It's time to talk about Interim Analysis in the clinical trials of SARS-CoV-2 vaccines. Most all large Phase 3 clinical trials, and quite a few smaller Phase 2 trials, I've known had Interim Analysis built into their design. It allows the trial to be temporarily stopped at some predefined midpoint. In trials of cancer drugs that I knew well, the stopping point was usually when roughly 40-50% of patients had been treated and evaluated. In vaccine trials, most of the volunteers were quickly vaccinated. Interim analysis happens when a given number of "events" occurred – where the event is a confirmed SARS-CoV-2 infection.
One of the trials recently announced some protocol features that will be part of its Interim Analysis. I can't find that news article, so I'll rely on memory. After about 150 infections occurred, the trial's Data & Safety Monitoring Board met and looked at unblinded data for those 150 cases. They could see how many infections occurred on the experimental SARS-Cov-2 vaccine arm and how many were on the control or placebo* arm.

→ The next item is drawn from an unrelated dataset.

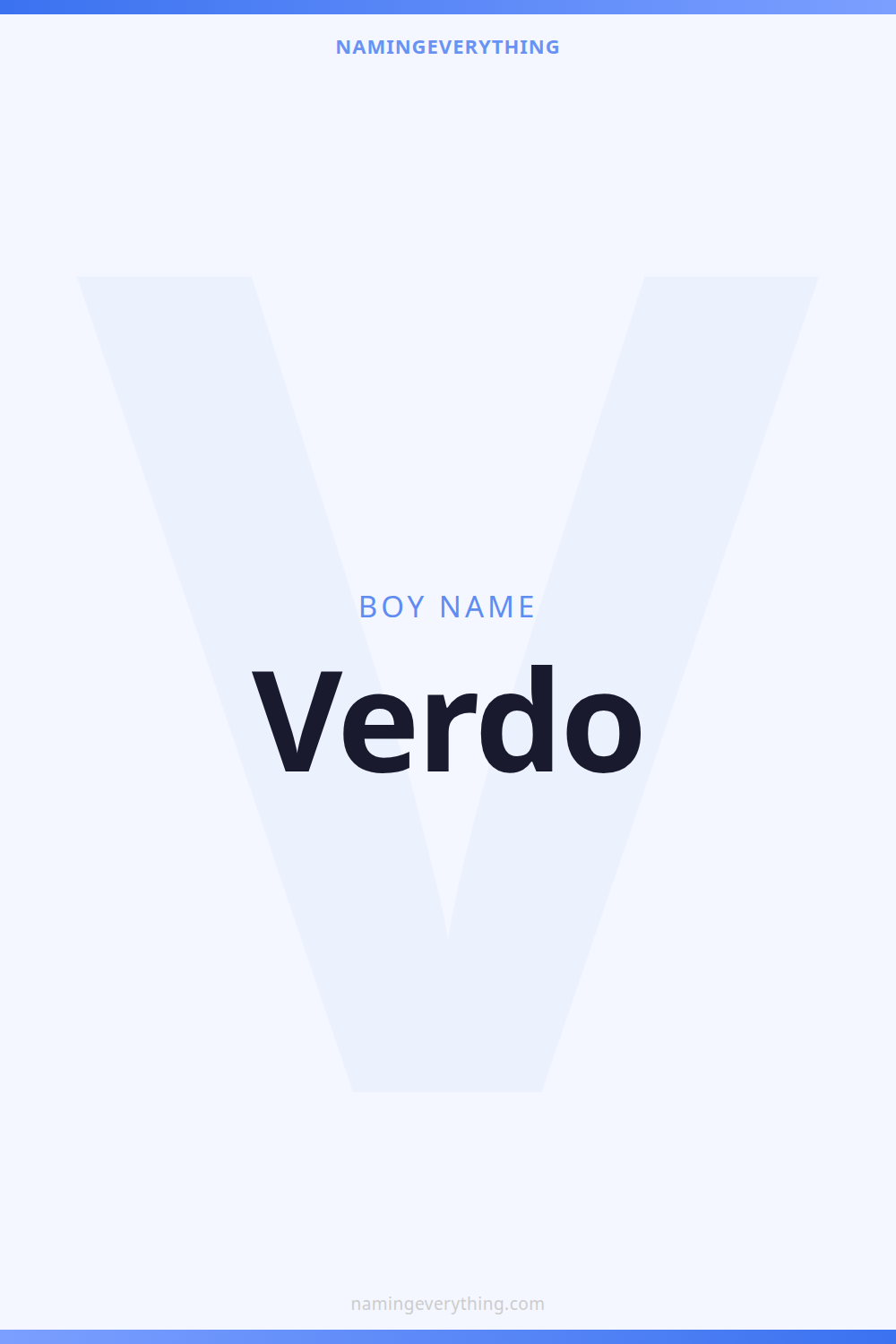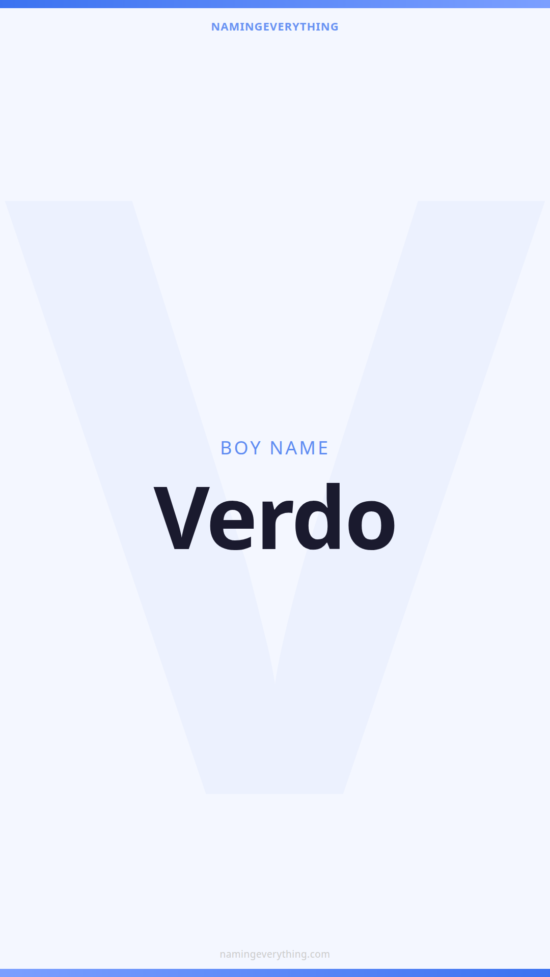 Download a shareable image with Verdo's meaning, origin, and popularity. Ready for Instagram, Pinterest, or texting to your partner.

Obviously, they don't expect zero infections on the experimental arm and all the infections on the placebo arm. And, they hope they don't see it work out to about 50% infections on each arm. The goals were already written into the trial's protocol, stating how many infections on the experimental arm would result in stopping the trial early for futility, for successful efficacy, or would allow the trial to continue. It is rare for a trial to stop early because the Interim Analysis shows success. But this depends on high high or how low they set the bar.
In the case of one of the vaccines, if I remember correctly, the bar was set for success if the placebo arm has at least 50% more infections than the experimental arm. For 150 infections, if at least 90 were on the placebo arm, and no more than 60 were on the experimental arm, it could indicate an early sign of success. (Please note, I'm not certain I remember these numbers correctly. I'm only trying to explain how Interim Analysis proceeds.) On the other hand, if infections were roughly equal on both arms, it would indicate the experimental vaccine offered no protection.
My point here is that these very large trials don't require that results must reflect all the people on the trial. If, and only if, enough people are protected from viral infection during the Interim Analysis, that could be considered good enough reason to begin widespread public vaccinations. The trial would continue to evaluate safety & efficacy of all 30,000 people on the trial. But the vaccine would be given temporary approval, pending the final results of the trial.
All the SARS-CoV-2 vaccine trials have Interim Analysis built into the trial protocols. The details of where the bar is set may vary, but all the trials all have this feature. It really isn't necessary to deliberately infect vaccinated people to see the results.
* Instead of true placebo, people on the control arm were given an vaccine unrelated to SARS-CoV-2, such as the DTaP vaccine against diphtheria, tetanus, and pertussis. It's considered unethical to inject a blank placebo when it's well known that immunity against diphtheria, tetanus, and pertussis wears off most people after about 10 years.